**Data extract**
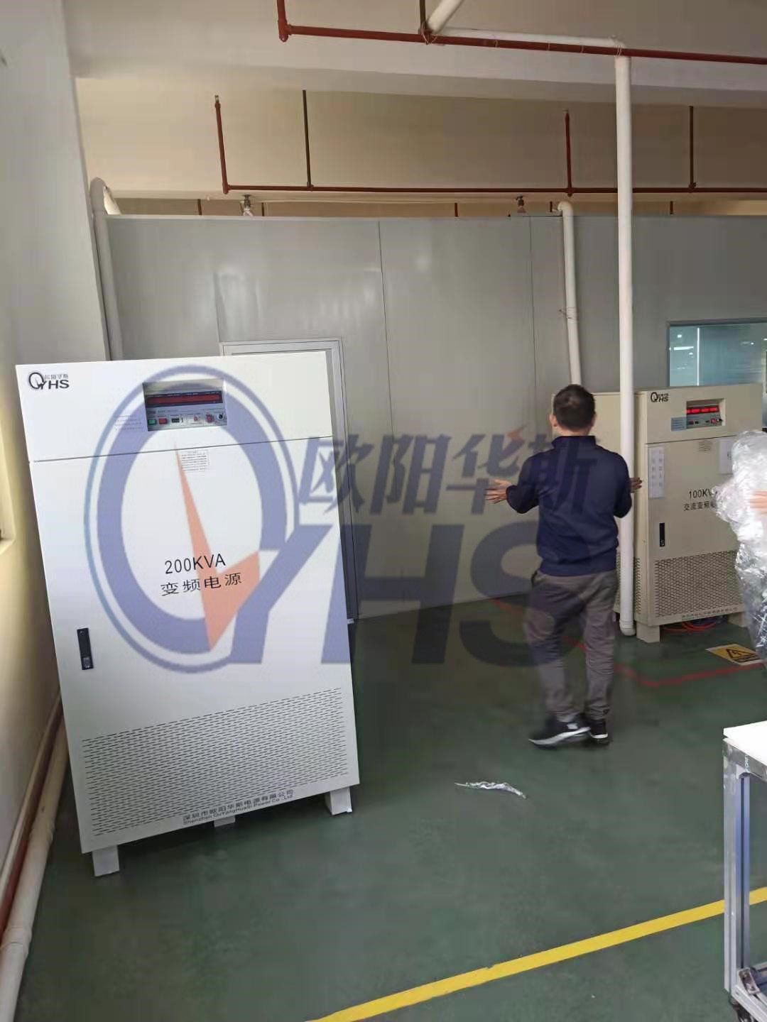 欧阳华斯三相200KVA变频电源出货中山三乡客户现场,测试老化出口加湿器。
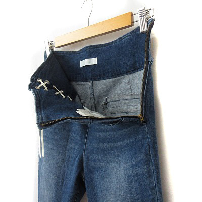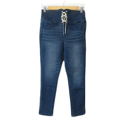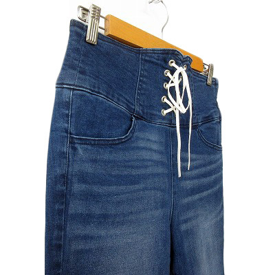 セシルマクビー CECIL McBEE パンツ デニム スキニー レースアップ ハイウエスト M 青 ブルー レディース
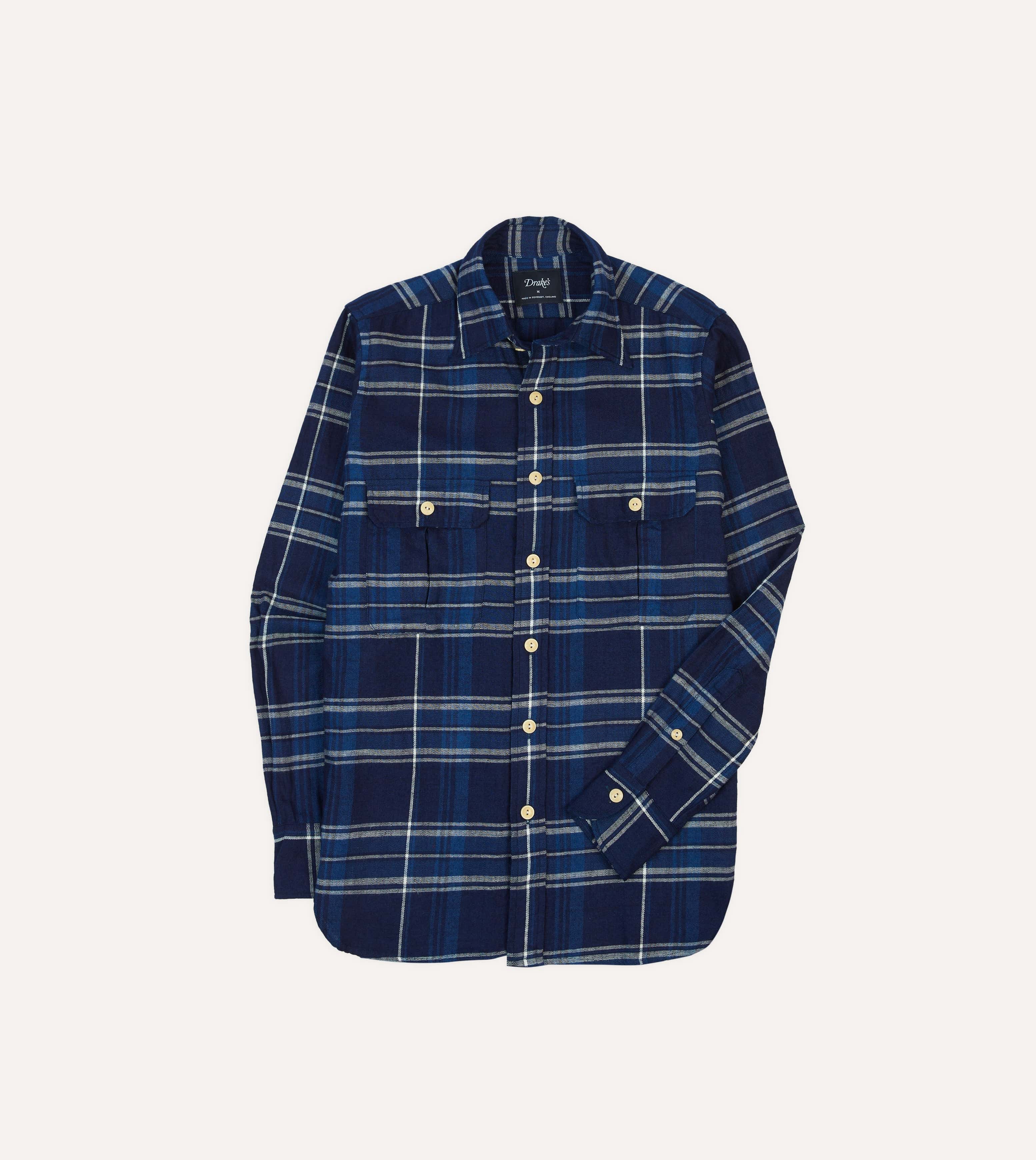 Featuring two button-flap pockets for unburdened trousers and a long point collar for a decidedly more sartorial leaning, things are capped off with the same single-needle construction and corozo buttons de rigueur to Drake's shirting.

**Task instructions**
Reproduce the listing exactly. Leave its pictures out.

**Result**
 欧阳华斯三相200KVA变频电源出货中山三乡客户现场,测试老化出口加湿器。
 セシルマクビー CECIL McBEE パンツ デニム スキニー レースアップ ハイウエスト M 青 ブルー レディース
 Featuring two button-flap pockets for unburdened trousers and a long point collar for a decidedly more sartorial leaning, things are capped off with the same single-needle construction and corozo buttons de rigueur to Drake's shirting.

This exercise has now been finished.